Subiu a escada e foi para o seu quarto. Os seus presentes de
Natal estavam em cima da cama. Joana olhou-os um por um. E pensava:
— Uma boneca, uma bola, uma caixa de tintas e livros. São tal e
qual os presentes que eu queria. Deram-me tudo o que queria. Mas ao Manuel
ninguém deu nada.
E sentada na beira da cama, ao lado dos presentes, Joana pôs-se
a imaginar o frio, a escuridão e a pobreza. Pôs-se a imaginar a Noite de Natal
naquela casa que não era bem uma casa, mas um curral de animais.
«Que frio lá deve estar!», pensava ela.
«Que escuro lá deve estar!», pensava ela.
«Que triste lá deve estar!», pensava.
E começou a imaginar o curral gelado e sem nenhuma luz onde
Manuel dormia em cima das palhas, aquecido só pelo bafo de uma vaca e de um
burro.
— Amanhã vou-lhe dar os meus presentes — disse ela. Depois
suspirou e pensou:
«Amanhã não é a mesma coisa. Hoje é que é a Noite de Natal.»
Foi à janela, abriu as portadas e através dos vidros espreitou a
rua. Ninguém passava. O Manuel estava a dormir. Só viria na manhã seguinte. Ao
longe via-se uma grande sombra escura: era o pinhal.
Então ouviu, vindas da Torre da Igreja, fortes e claras, as doze
pancadas da meia-noite.
«Hoje», pensou Joana, «tenho de ir hoje. Tenho de ir lá agora,
esta noite.
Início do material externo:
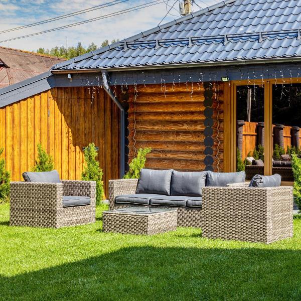 Плетеная мебель из ротанга, созданная из полимера — обоснованный выбор для использования под открытым небом.

Para que ele tenha presentes na Noite de Natal.»
Foi ao armário tirou um casaco e vestiu-o. Depois pegou na bola,
na caixa de tintas e nos livros. Apetecia-lhe levar também a boneca, mas ele
era um rapaz e com certeza não gostava de bonecas.
Pé ante pé Joana desceu a escada. Os degraus estalaram um por
um. Mas na cozinha a Gertrudes fazia muito barulho a arrumar as panelas e não a
ouviu.
(…)
A
noite de Natal / Sophia de Mello Breyner Andresen.
Ilustrações de Maria Keil.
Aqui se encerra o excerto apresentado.